Pregnant mice (E15.5) were sacrificed with compressed CO2 gas anesthesia, followed by cervical dislocation and rapid decapitation for truncal blood, placental, and fetal tissue collection between 9AM-11AM (ZT3-5), when CL and CD mice light schedules were concordant; within this range, tissue collection time did not substantially differ between CL and CD groups. Position of each placental sample within the uterine horns, placental wet weight, and reabsorptions were recorded and placentae immediately dissected out after removing uterine tissue. Placenta samples contained uterine decidua in addition to trophoblast tissue. Placental tissue samples were snap-frozen in liquid nitrogen and stored at -80°C until further processing for RNA isolation or preserved in 10% neutral buffered formalin for histological and immunohistochemical analyses. Fetal tail samples were also collected, snap frozen, and stored at -80°C until later use for sex determination. Samples from 3 dams, all from the CD group, were excluded due to noted quality issues during collection; for example, in 2 mice, all of the embryos in a uterine horn exhibited blood clots and discoloration. Samples from a total of 12 dams, 6 CL and 6 CD, were included in the analysis.

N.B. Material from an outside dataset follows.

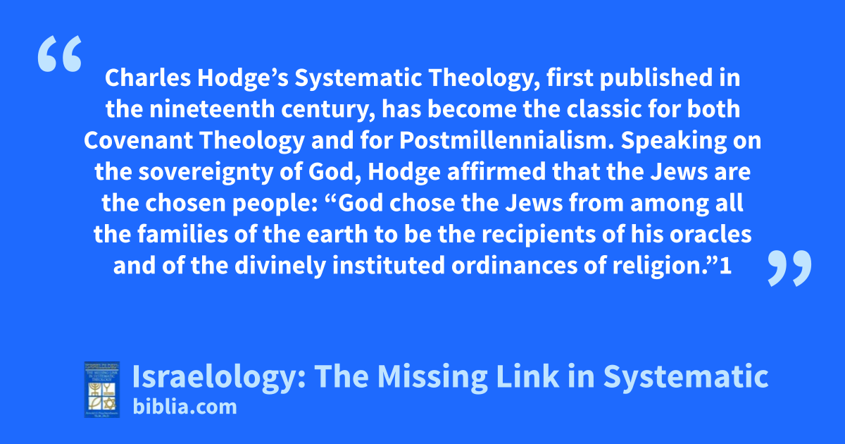 Charles Hodge’s Systematic Theology, first published in the nineteenth century, has become the classic for both Covenant Theology and for Postmillennialism. Speaking on the sovereignty of God, Hodge affirmed that the Jews are the chosen people: “God chose the Jews from among all the families of the earth to be the recipients of his oracles and of the divinely instituted ordinances of religion.”1

RNA isolation, sequencing, alignment, and generation of count data

Prior to placental RNA isolation, all fetal tail tissue samples were lysed and RNA extracted using the Qiagen Allprep DNA/RNA Mini Kit according to manufacturer’s instructions and Sry gene expression measured via PCR to determine sex (SryFWD: 5’–TGG GAC TGG TGA CAA TTG TG -3’ and SryREV: 5’–GAG TAC AGG TGT GCA GCT CT-3’). Samples with faint bands were re-run. For RNA sequencing, placental samples without any noted collection quality issues were randomly selected and matched on sex when possible (quality samples of both sexes were not available for each dam). Two individual placenta samples from each dam were chosen, for a total of 24 placenta samples, 12 from each light treatment group, and DNA and RNA isolated using the Qiagen Allprep DNA/RNA Mini Kit according to manufacturer’s instructions. RNA quality was measured using the Agilent 2100 Bioanalyzer with Agilent RNA 6000 Nano kit (cat# 5067–1511) following manufacturer’s instructions and RNA concentrations measured with a Thermo Scientific NanoDrop spectrophotometer. All samples had RIN scores ≥ 9. Placental RNA samples (n = 24) were sent to the Emory Genomics core for PolyA RNA sequencing performed at 30M read depth. FastQC was performed to check read quality and fastq files aligned to the C57 mouse genome (Ensemble assembly GRCm38.p6) with STAR v2.7 using default settings. Read counts were derived using the “quantmode” command in STAR. Raw sequencing data FastQ files, processed gene count data, and sample information have been deposited in GEO (accession number GSE169266). Code for sample alignment and processing, as well as gene count data, are available at: https://github.com/dclarktown/CD_mice_placenta (DOI: 10.5281/zenodo.4536522).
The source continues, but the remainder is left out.